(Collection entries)
--- START ---
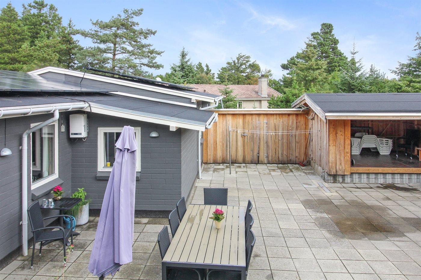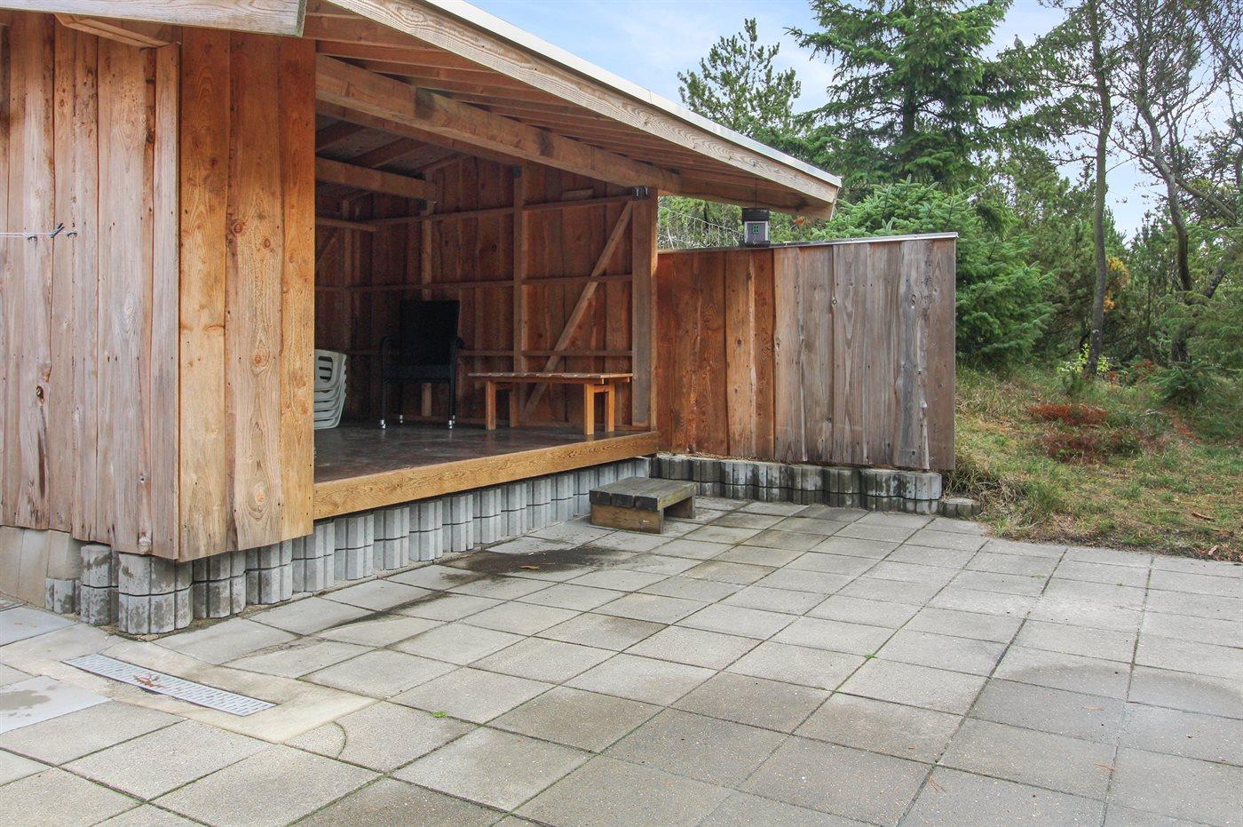 Ferieboligen er beliggende på en 1850 m² stor naturgrund. Der er 600 m til havet. Nærmeste forretning er beliggende i en afstand af 300 m. Til ferieboligen hører 45 m² terrasseareal. Der er redskabsrum. Gynge. Sandkasse. Udendørs bruser. Der er carport til rådighed. Parkering ved ferieboligen.
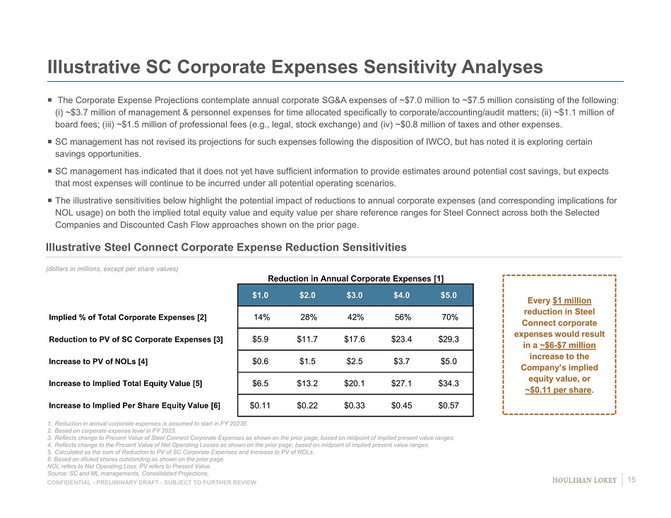 CONFIDENTIAL - PRELIMINARY DRAFT - SUBJECT TO FURTHER REVIEW Preliminary Financial Analyses Summary (cont.) Steel Connect (dollars and shares outstanding in millions, except per share values) Note: Refer to page 23 for derivation of ML equity value reference ranges. 1. Per ML management, ModusLink currently has ~$10 million of ‘trapped cash’ potentially subject to repatriation, as well as over ~$5 million of cash require d for near - term net working capital needs; if this cash was excluded from the implied equity value reference ranges for ModusLink , it would result in a reduction of ~$0.25 to the implied equity value per share reference ranges shown above. 2. Per SC and ML managements, in early March 2022, ML received the Revised IOI based on a purchase price for ML of $80 million, inc orporating ML’s ~$20 million cash balance and a reduction of ~$18 million for future operating lease payments, following an initial indication of interest based on a valuation of $70 million submitted in No vember 2021; however, the Revised IOI was subsequently withdrawn. 3. For Selected Companies and DCF approaches, reflects present value of annual corporate expense projections of ~$7.0 million to ~$ 7.5 million per Corporate Expense Projections, tax - effected and using a discount rate range of 13.0% to 15.0%. SC management has indicated it is exploring opportunities to reduce certain corporate expenses fol lowing the disposition of IWCO but does not yet have sufficient information to revise or provide estimated changes to the Corporate Expense Projections. Refer to the next page for illustrative details related to th e p otential impact of corporate expense savings on implied equity value per share reference ranges. Illustrative Selected Transactions approach illustratively assumes liquidation of corporate entity and $5 million of wi nd - down/severance cash outlays, based on discussions with SC management. 4. Reflects net present value of tax savings from utilization of the Company's federal NOL balance of ~$2.2 billion (of which ~$ 1.8 billion expires in 2023), inclusive of $97 million of worthless stock deduction accrued in FY 2022 as a result of the IWCO disposition. Based on the NOL Projections, the Consolidated Projections, a federal corporate tax rate of 21%, and a discount rate range of 15.0% to 18.0%. Per SC management, state NOLs are not projected to have material value, if any, and foreign NOLs are not projected to be utilized; as such, we have as cri bed zero value to state and foreign NOLs in the above analyses. Subject to further review. 5. Per Company management. 6. Reflects note payable received in connection with disposition of IWCO. Per discussions with SC management, the likelihood of rec overing any value from the note payable is minimal and is therefore ascribed zero value on the low end and 50% of its face value of $6.9 million on the high end. 7. Reflects outstanding principal balance of Convertible Senior Notes as of 1/31/22. In a situation under which the conversion o pti on is deemed to be in - the - money (implied per share equity value greater than $2.37 per share), the outstanding balance would be reduced to $0 and the diluted shares outstanding figure would be increased by 6.3 mi lli on shares. 8. Reflects liquidation preference of outstanding Series C Convertible Preferred Stock as of 1/31/22. In a situation under which th e conversion option is deemed to be in - the - money (implied per share equity value greater than $1.96 per share), the liquidation preference would be reduced to $0 and the diluted shares outstanding figure would be i ncr eased by 17.9 million shares. 9. Equity value cannot equal less than zero; negative equity values are shown above for illustrative purposes to demonstrate ext ent to which equity is out - of - the - money. 10. Reflects 60.5 million common shares outstanding as of 3/1/22, plus the impact of 2.0 thousand stock options outstanding, to t he extent in - the - money (based on the treasury method), per SC management. 11. Illustrative Selected Transactions approach assumes buyer would pay SC proceeds for ModusLink and that SC would wind down the corporate entity. For illustrative purposes, assumes zero NOL value and assumes wind - down/severance cash outlays of $5 million, based on discussion with SC management. Also assumes any taxable gain on a sale of ML is offset by existing NOLs. Subject to continued review. Adjusted EBITDA refers to Earnings Before Interest, Taxes, Depreciation, and Amortization, adjusted for certain non - recurring it ems. E refers to Estimated. FY refers to Fiscal Year. Source: SC and ML managements; Consolidated Projections; Capital IQ; Bloomberg; public filings. 14 [Illustrative Only] [Illustrative Only] Selected Companies Selected Companies Selected Companies Selected Transactions Discounted Cash Flow Analysis Analysis Analysis Analysis [11] Analysis LTM Ended 1/31/22 FY 2022E FY 2023E FY 2022E Perpetual Growth Rate Adjusted EBITDA Adjusted EBITDA Adjusted EBITDA Adjusted EBITDA 0.0% -- 2.0% Implied Equity Value Reference Range - ModusLink [1] [2] $50.9 -- $67.4 $68.1 -- $93.2 $87.9 -- $122.9 $74.3 -- $99.4 $95.1 -- $119.9 Present Value of Steel Connect Corporate Expenses [3] (39.2) -- (50.9) (39.2) -- (50.9) (39.2) -- (50.9) (5.0) -- (5.0) (39.2) -- (50.9) Present Value of Net Operating Losses [4] 0.0 -- 0.4 0.0 -- 0.4 0.0 -- 0.4 0.0 -- 0.0 0.0 -- 0.4 Steel Connect Cash and Cash Equivalents as of 1/31/2022 [5] 37.8 -- 37.8 37.8 -- 37.8 37.8 -- 37.8 37.8 -- 37.8 37.8 -- 37.8 Note Payable as of 1/31/2022 [5] [6] 0.0 -- 3.5 0.0 -- 3.5 0.0 -- 3.5 0.0 -- 3.5 0.0 -- 3.5 Convertible Senior Notes as of 1/31/2022 [5] [7] (14.9) -- (14.9) (14.9) -- (14.9) (14.9) -- (14.9) (14.9) -- (14.9) (14.9) -- (14.9) Series C Convertible Preferred Stock as of 1/31/2022 [5] [8] (35.0) -- (35.0) (35.0) -- (35.0) (35.0) -- (35.0) (35.0) -- (35.0) (35.0) -- (35.0) Implied Total Equity Value Reference Range [9] (0.5) -- 8.2 16.7 -- 
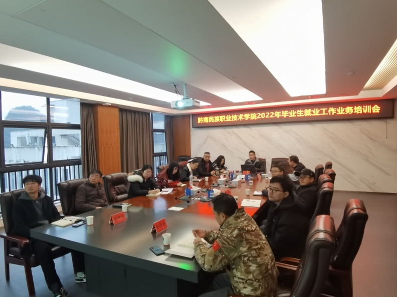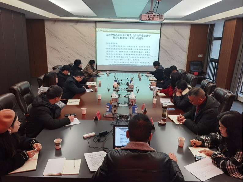 为认真贯彻落实党中央、国务院及省委、省政府关于促进高校毕业生就业创业的决策部署和教育部、省教育厅关于做好2022届毕业生就业创业工作有关文件精神,扎实做好我院2022 届毕业生就业创业工作,进一步规范毕业生就业创业工作资料收集整理和就业信息统计工作,努力提升毕业生就业创业工作信息化办公水平,实现毕业生就业创业工作高效、规范运行, 2022 年 1 月 6 日上午招生就业处副处长胡江在知行楼六楼第一会议室对招生就业处就业工作人员、各系学管主任、就业工作人员组织开展毕业生就业创业工作业务培训。
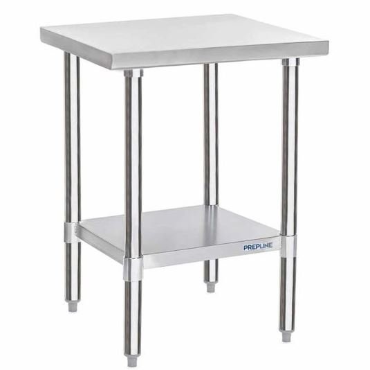 The Prepline PWTG is our most popular line of stainless steel worktable. This prep table is 30″D (front to back) x 24″L (left to right) with an adjustable height of 35 to 36″ With the best quality to price ratio in the industry these commercial worktables allow you to prepare foods, operate countertop slicers or mixers, and store heavy items with easy. The Prepline PWTG series is more than strong enough for the most demanding commercial uses.Prepline PWTG series stainless steel worktables shipped boxed and assemble in minutes with included screws and allen wrench. These heavy duty worktables feature high grade stainless steel work surface with an adjustable galvanized steel undershelf and extra durable leg and socket design to prevent lateral movement. The adjustable feet can raise or lower the unit by one inch and also make it easy to level on uneven surfaces.
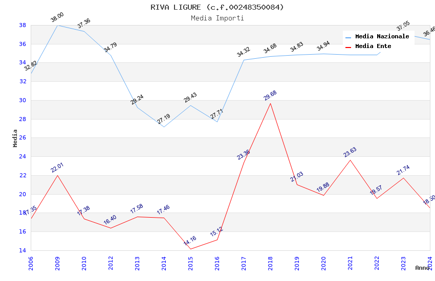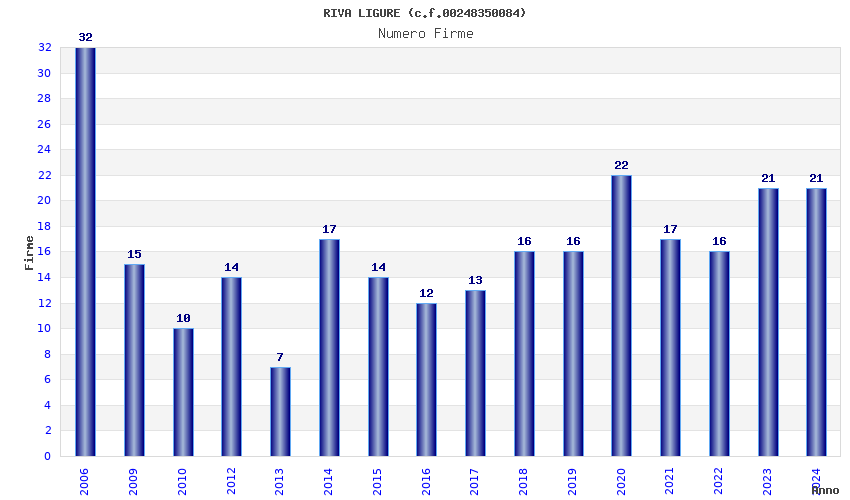 | Anno | Firme | Importi | Media | Naz. | Reg. | Prov. | Comu. |
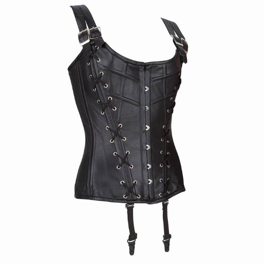 Echt zwart leren corset met stalen busk en buigzame baleinen voor een strakke pasvorm, haakjessluiting aan de voorkant en stevige lange rijgveter aan de achterkant. Kan aan de bovenkant op maat worden gesteld.
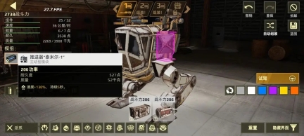 此外,在这个区域内还会依次显示战车上搭载的主动型模块和被动型模块。如果这些模块未装配,则会在下方的部件选择区进行快速筛选。而如果这些模块已装配,则会显示该模块的信息,并将它在界面上高亮显示。
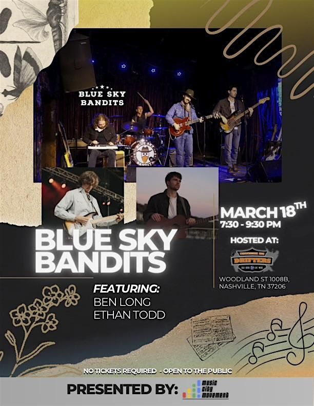 Get ready for a great night of live music with the Blue Sky Bandits bringing their energy and expertise in bringing down the house live at Drifters BBQ! Joining them are the exceptionally talented Ethan Todd & Ben Long. It's gonna be a fun evening filled with great tunes, good eats, cold beer, and the best company. Don’t miss out on this dopamine hit of a lineup for some unforgettable moments!
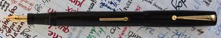 Foto di una penna Blackbird (sottomarca Swan). Modello: Blackbird 5260. Caricamento a levetta. Realizzazione in celluloide nera. Modello del dopoguerra, numerazione che indica pennino di dimensione 2 e penna in celluloide nera.
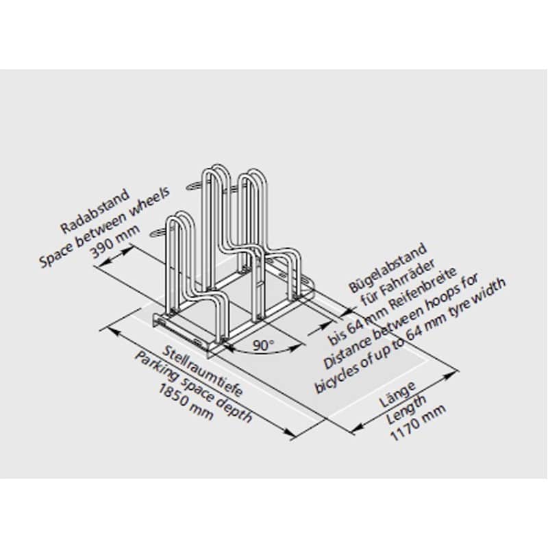 Die Stellraumtiefe beträgt bei einseitiger Radeinstellung etwa 1.850 mm, was für eine optimale Platznutzung sorgt. Mit der Möglichkeit des höhenversetzten Einparkens kann wertvoller Platz gespart werden. Die Fahrradparkanlage lässt sich einfach und schnell per Paketdienst liefern und selbst montieren. Optional sind Bodenanker und Bodenmontage-Winkel als Zubehör erhältlich.
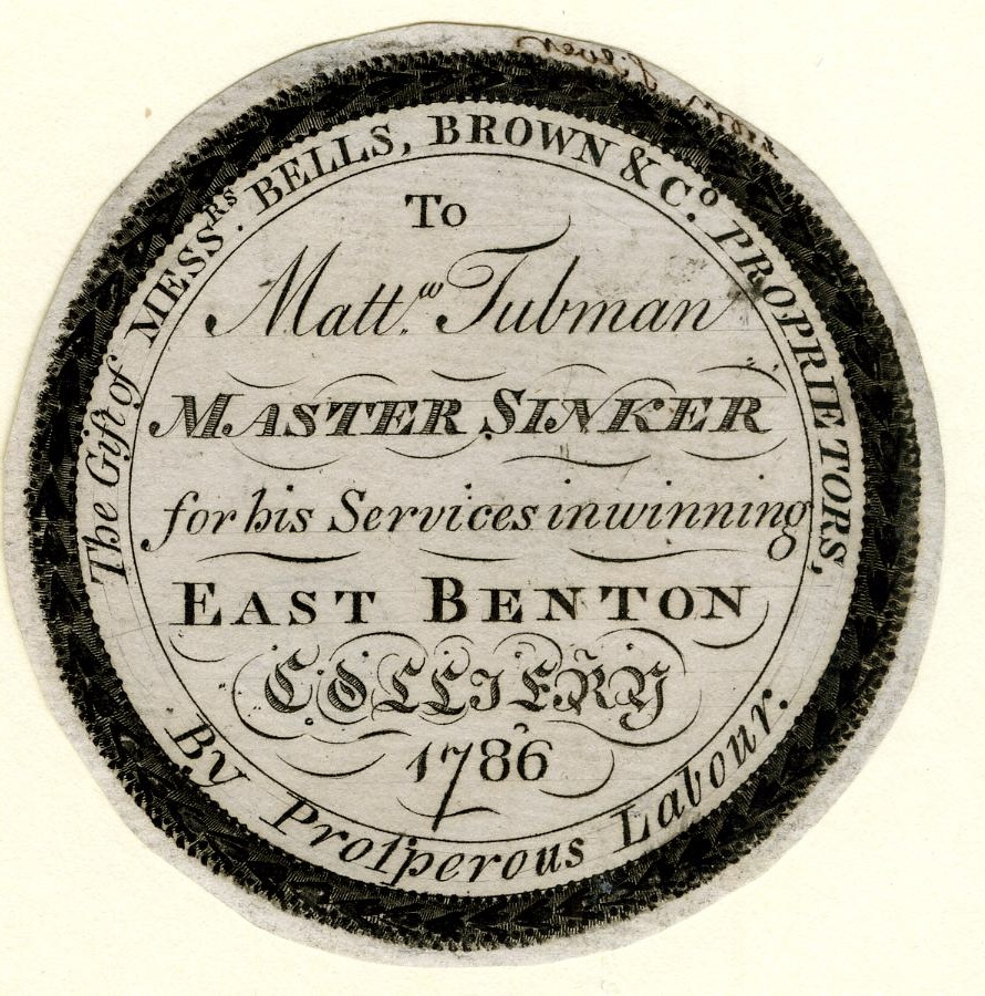 This is the obverse of the medal described by the British Museum as ‘Obverse of a commemorative medal, awarded by colliery proprietors Messrs Bells, Brown & Co to Matthew Tubman for ‘winning’ East Benton Colliery (successfully reaching a coal seam), with decorative border of garland; impression taken from silver. 1786′ (We have flipped the image on the British Museum website so that the text is readable).
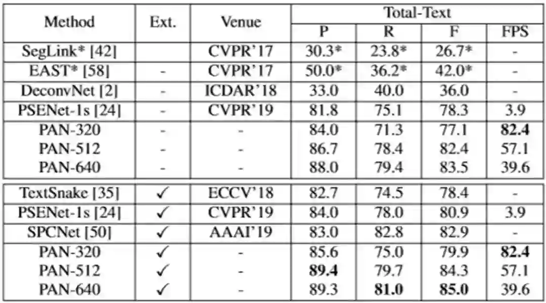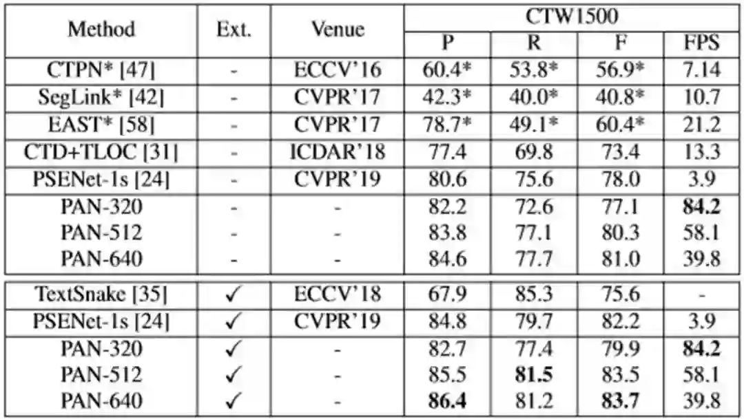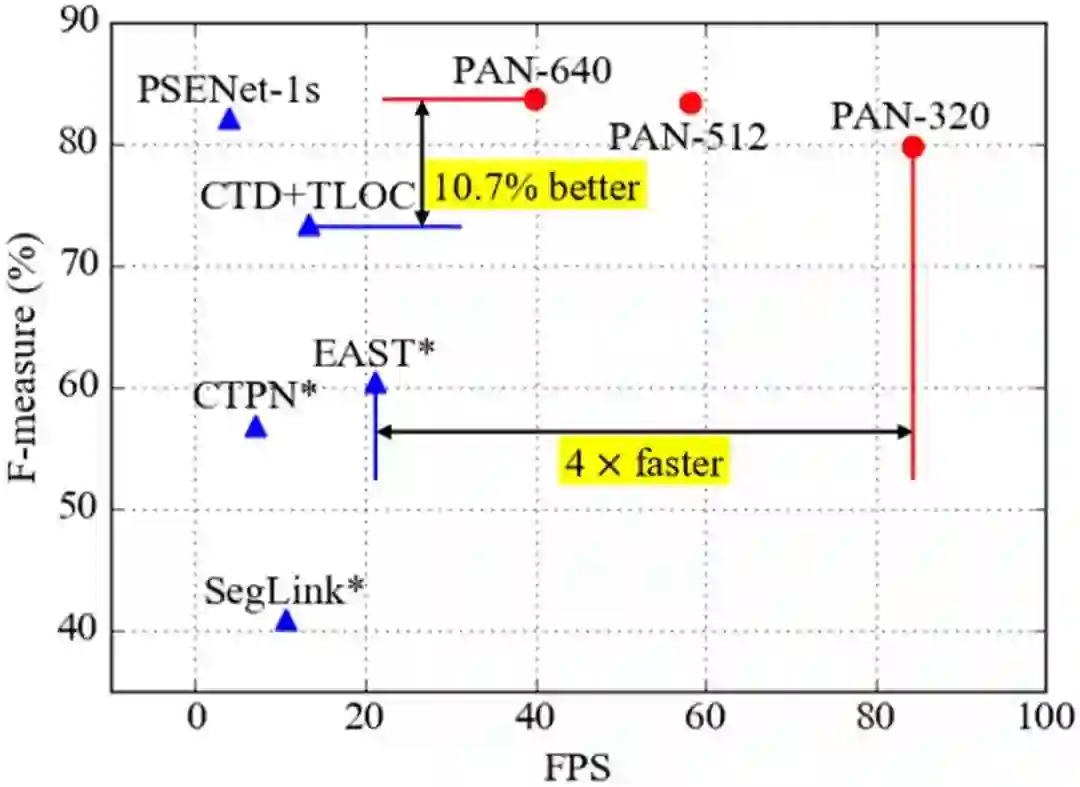这篇论文考虑了如何权衡场景文本检测中精度和速度这一重要问题,提出了一个可以实时检测任意形状文本的高效自然场景文本检测器PAN。PAN使用了轻量的主干网络,并加入了包含特征金字塔增强模块和特征融合模块的Segmentation Head以增强特征表达,而且也不会带来额外的庞大计算量。此外提出了可学习的后处理算法----Pixel Aggregation去预测文本核与周围像素的相似向量以得到完整的文本区域,避免了以往方法中繁琐的后处理方式。这些方法使得PAN在各数据集上取得最优结果的同时,检测的速度也能达到最优。
--- END ---
● Work instructions
Find the line with "Echt zwart leren" and the line with "此外,在这个区域内还会依次显" in the records above. Copy both and all lines between them exactly, without pictures.

● Answer area
 Echt zwart leren corset met stalen busk en buigzame baleinen voor een strakke pasvorm, haakjessluiting aan de voorkant en stevige lange rijgveter aan de achterkant. Kan aan de bovenkant op maat worden gesteld.
 此外,在这个区域内还会依次显示战车上搭载的主动型模块和被动型模块。如果这些模块未装配,则会在下方的部件选择区进行快速筛选。而如果这些模块已装配,则会显示该模块的信息,并将它在界面上高亮显示。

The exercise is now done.